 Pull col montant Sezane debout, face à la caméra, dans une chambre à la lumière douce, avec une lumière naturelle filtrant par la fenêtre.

________________

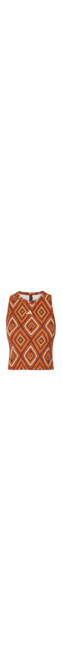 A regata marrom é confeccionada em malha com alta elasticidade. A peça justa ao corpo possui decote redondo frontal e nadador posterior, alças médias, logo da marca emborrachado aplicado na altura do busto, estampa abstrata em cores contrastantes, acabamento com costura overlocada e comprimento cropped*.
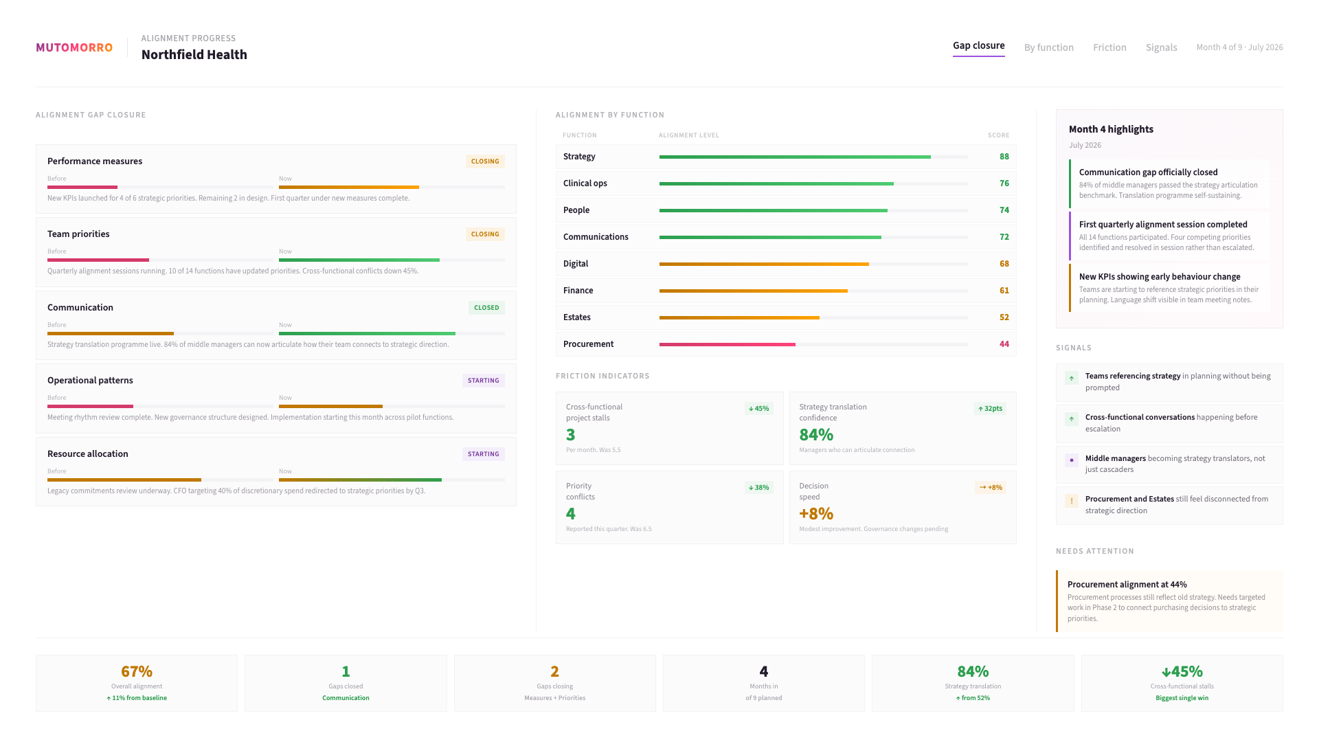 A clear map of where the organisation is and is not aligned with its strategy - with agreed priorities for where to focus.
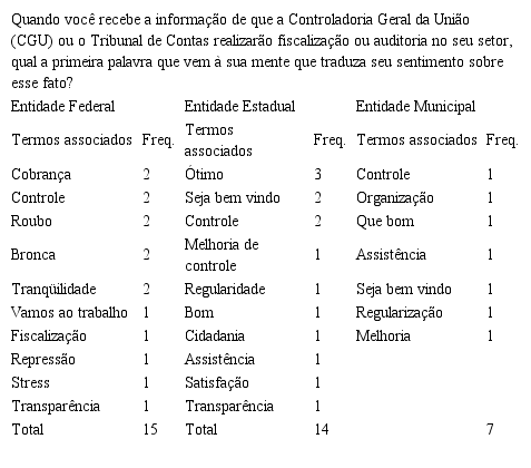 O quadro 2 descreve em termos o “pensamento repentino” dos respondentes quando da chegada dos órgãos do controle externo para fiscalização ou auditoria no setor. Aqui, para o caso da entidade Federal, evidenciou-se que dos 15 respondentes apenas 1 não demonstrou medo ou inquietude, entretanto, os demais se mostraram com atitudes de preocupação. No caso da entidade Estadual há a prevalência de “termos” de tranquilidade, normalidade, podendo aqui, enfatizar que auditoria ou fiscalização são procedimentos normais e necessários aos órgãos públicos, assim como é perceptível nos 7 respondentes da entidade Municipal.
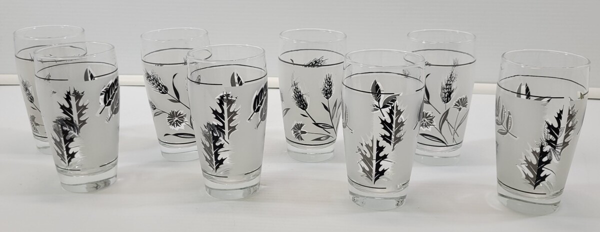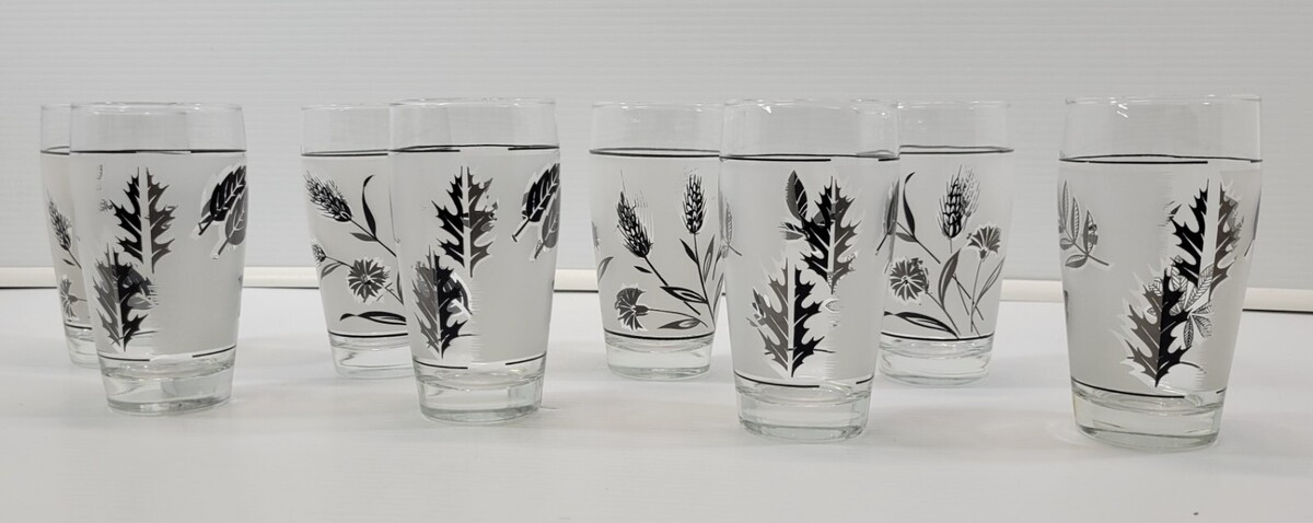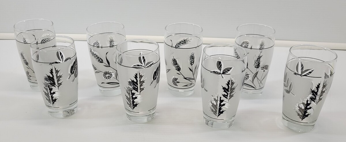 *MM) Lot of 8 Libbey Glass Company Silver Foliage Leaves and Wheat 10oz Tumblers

________________

ASSIGNMENT -> Set down word for word the lines above from the one with "O quadro 2 descreve" up to and including the one with "Wheat 10oz Tumblers". Omit every picture.

OUTPUT OF THE EXERCISE ->
 O quadro 2 descreve em termos o “pensamento repentino” dos respondentes quando da chegada dos órgãos do controle externo para fiscalização ou auditoria no setor. Aqui, para o caso da entidade Federal, evidenciou-se que dos 15 respondentes apenas 1 não demonstrou medo ou inquietude, entretanto, os demais se mostraram com atitudes de preocupação. No caso da entidade Estadual há a prevalência de “termos” de tranquilidade, normalidade, podendo aqui, enfatizar que auditoria ou fiscalização são procedimentos normais e necessários aos órgãos públicos, assim como é perceptível nos 7 respondentes da entidade Municipal.
 *MM) Lot of 8 Libbey Glass Company Silver Foliage Leaves and Wheat 10oz Tumblers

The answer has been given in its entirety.